The real fretting is coming about in earnest, as the Wild has five sets of back-to-back games between now and the end of the regular season, with the first arriving Friday night against Carolina.

In the same way that we are now conditioned to look at the pitch count number at Target Field or the little box on the TV — anticipating as it approaches triple-digits because that magically means the starter must be getting tired — we are conditioned to believe that playing in back-to-back hockey (or basketball) games requires superhuman endurance.

It would be nice if the Wild had more of a cushion in the playoff race that riding Dubnyk wasn't so important, but that's not the reality. Wild coach Mike Yeo said Thursday the team hasn't decided yet if Dubnyk or Darcy Kuemper will start Friday.

If Dubnyk can play and wants to play, he should play. Because there's no rule that says he can't — just a shift in expectations over the years.

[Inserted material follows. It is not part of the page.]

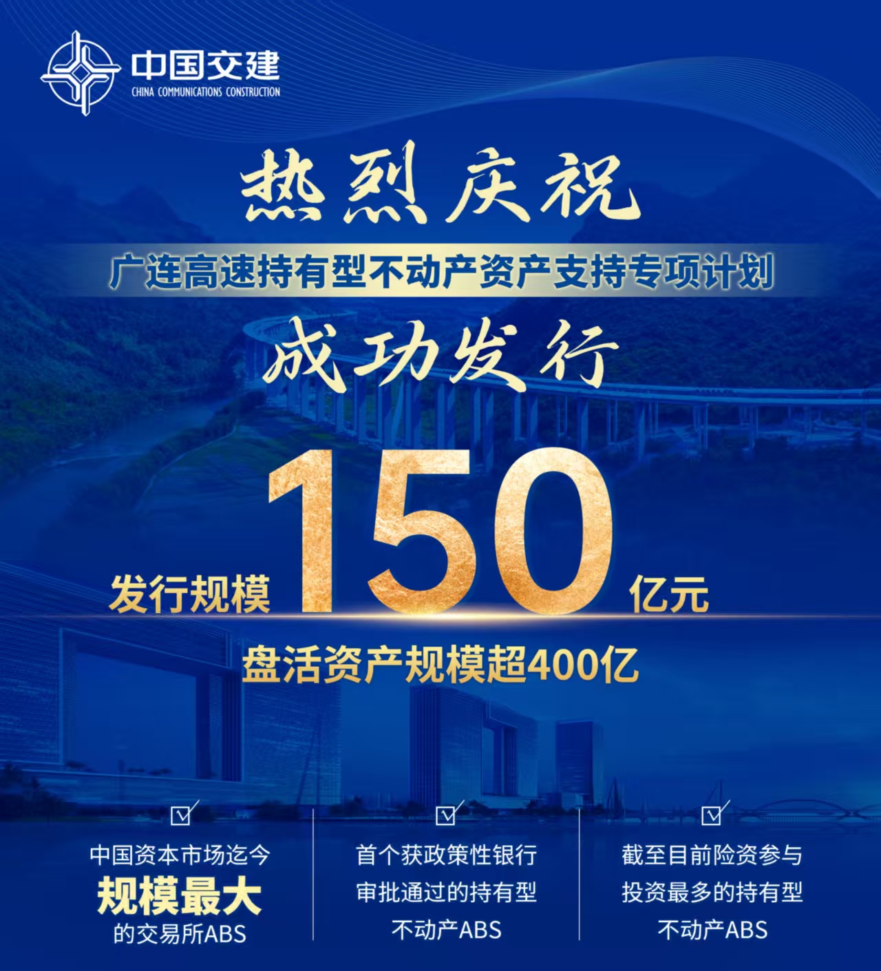近日,廣連高速持有型不動(dòng)產(chǎn)資產(chǎn)支持專項(xiàng)計(jì)劃在上海證券交易所成功發(fā)行。廣連高速不動(dòng)產(chǎn)ABS項(xiàng)目發(fā)行規(guī)模達(dá)150億元,盤(pán)活資產(chǎn)規(guī)模估值超400億。本交易創(chuàng)下多項(xiàng)市場(chǎng)記錄:規(guī)模最大的存量基礎(chǔ)設(shè)施資產(chǎn)盤(pán)活交易、發(fā)行規(guī)模最大的企業(yè)ABS的持有型不動(dòng)產(chǎn)ABS。同時(shí),也創(chuàng)下企業(yè)成本最低的持有型不動(dòng)產(chǎn)ABS、首單獲政策性銀行審批通過(guò)的持有型不動(dòng)產(chǎn)ABS 等記錄,也是四航局通過(guò)金融創(chuàng)新盤(pán)活存量資產(chǎn)的最新成果。
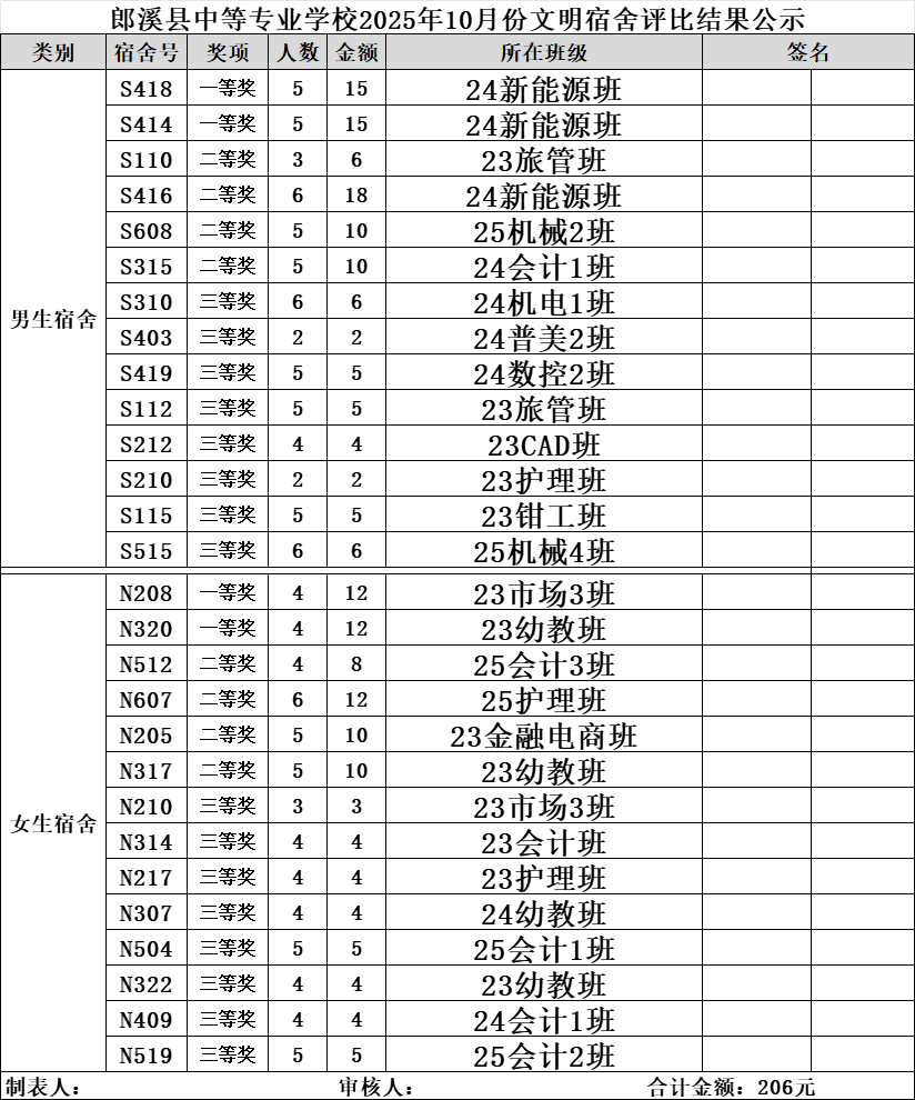 2025-2026学年第一学期10月份文明班级、宿舍评比

This is the extreme, but Glenn Hall started more than 550 consecutive games in goal spanning more than seven full seasons (including playoffs) in the 1950s and 1960s. Sure, that was a different era, and with six teams in the league — none on the West Coast — travel was shorter.

But during the seven full seasons in which Hall played every game (490 games in 70-game seasons), he played both ends of back-to-backs during the regular season 148 times (including a back-to-back-to-back Jan. 1-3, 1960). So 296 of his 490 starts were in back-to-backs.

Hall was a maniac who didn't even wear a mask or helmet during his streak. This is not a suggestion that Dubnyk should be Hall. But it is a suggestion that it's not crazy to think Dubnyk can play through this final month of the regular season — or at least until the Wild is safely into the playoffs — as long as his body feels good and he remains stout in goal.

The only crazy things are suggesting that he can't do it — or worrying about it before it happens.